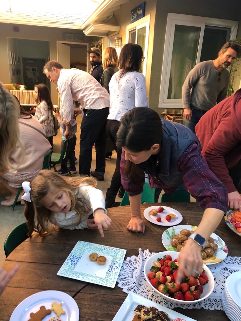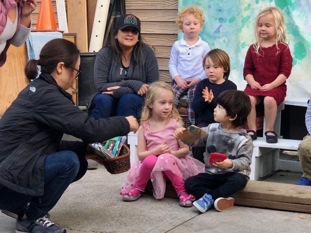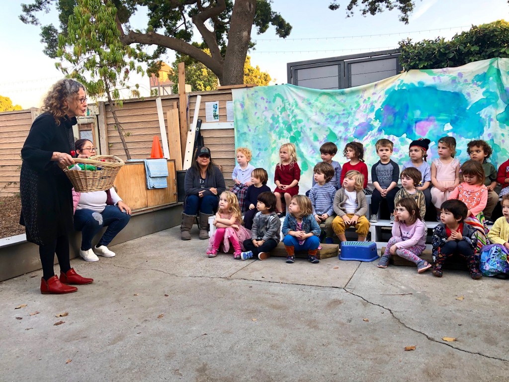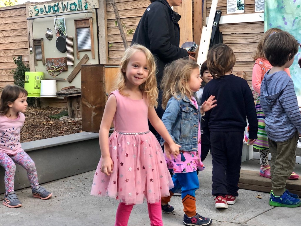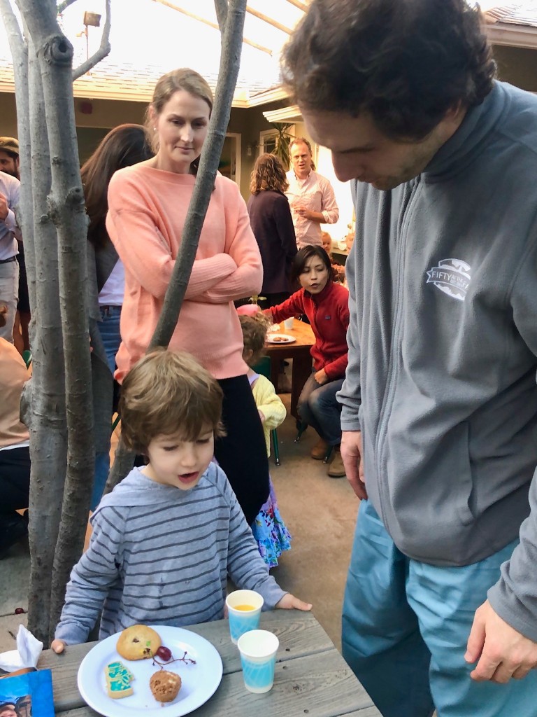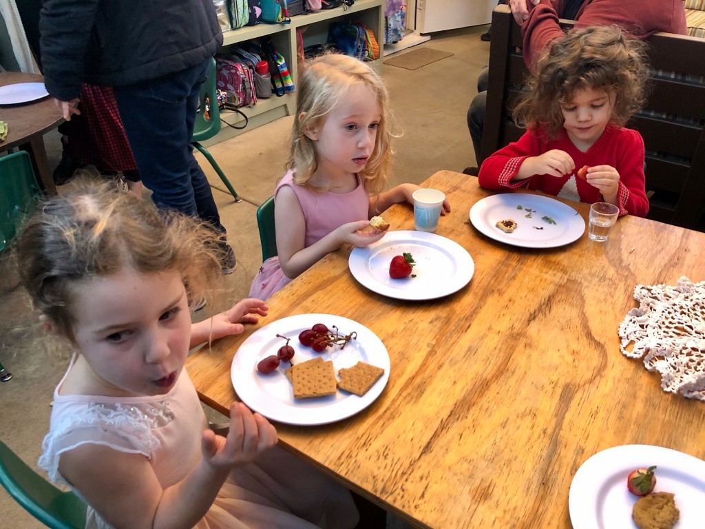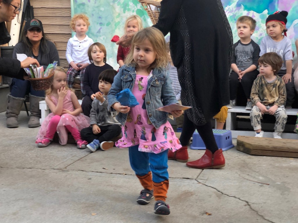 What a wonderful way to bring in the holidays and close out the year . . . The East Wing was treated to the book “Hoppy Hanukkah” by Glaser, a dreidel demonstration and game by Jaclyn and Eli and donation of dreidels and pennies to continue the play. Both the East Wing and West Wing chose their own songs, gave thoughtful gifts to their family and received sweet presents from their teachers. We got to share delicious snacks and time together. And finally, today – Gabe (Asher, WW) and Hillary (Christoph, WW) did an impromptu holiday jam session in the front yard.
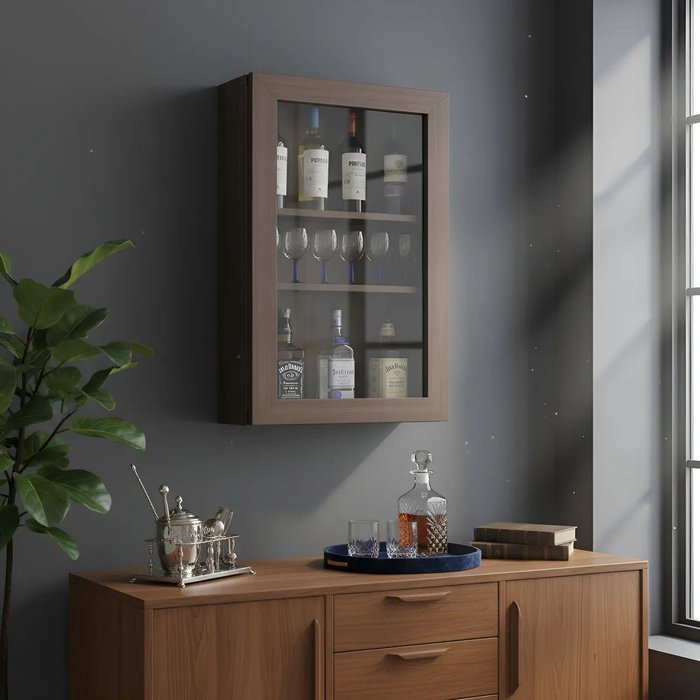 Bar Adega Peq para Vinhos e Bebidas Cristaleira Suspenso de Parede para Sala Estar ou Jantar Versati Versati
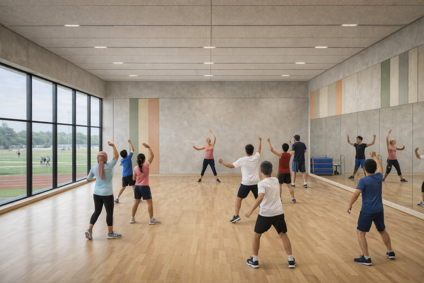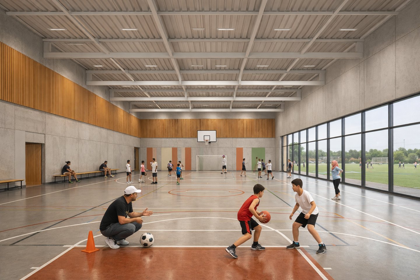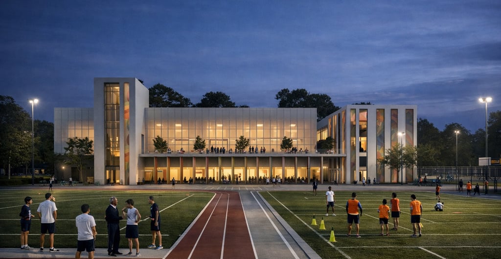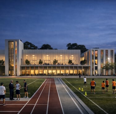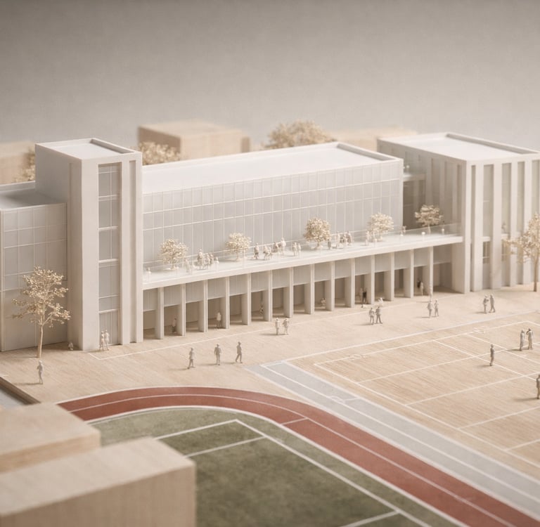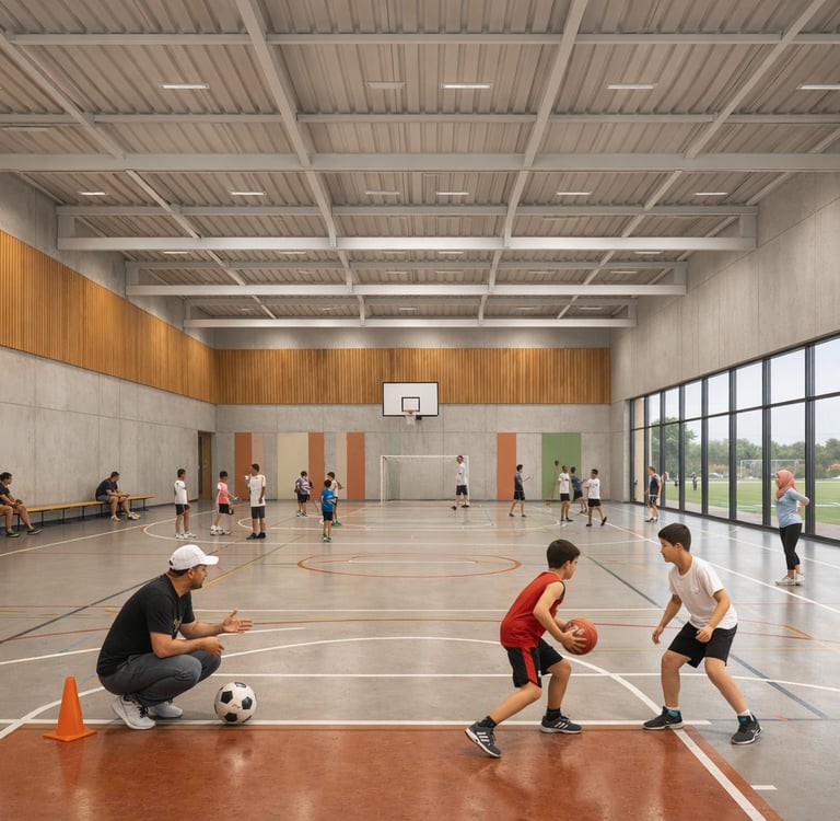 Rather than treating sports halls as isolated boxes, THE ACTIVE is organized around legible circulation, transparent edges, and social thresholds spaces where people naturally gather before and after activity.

• Task objective:
Reproduce, unchanged, each line between the one with "Bar Adega Peq" and the last line of the material, both included; the pictures do not go in.

• Result below:
 Bar Adega Peq para Vinhos e Bebidas Cristaleira Suspenso de Parede para Sala Estar ou Jantar Versati Versati
 Rather than treating sports halls as isolated boxes, THE ACTIVE is organized around legible circulation, transparent edges, and social thresholds spaces where people naturally gather before and after activity.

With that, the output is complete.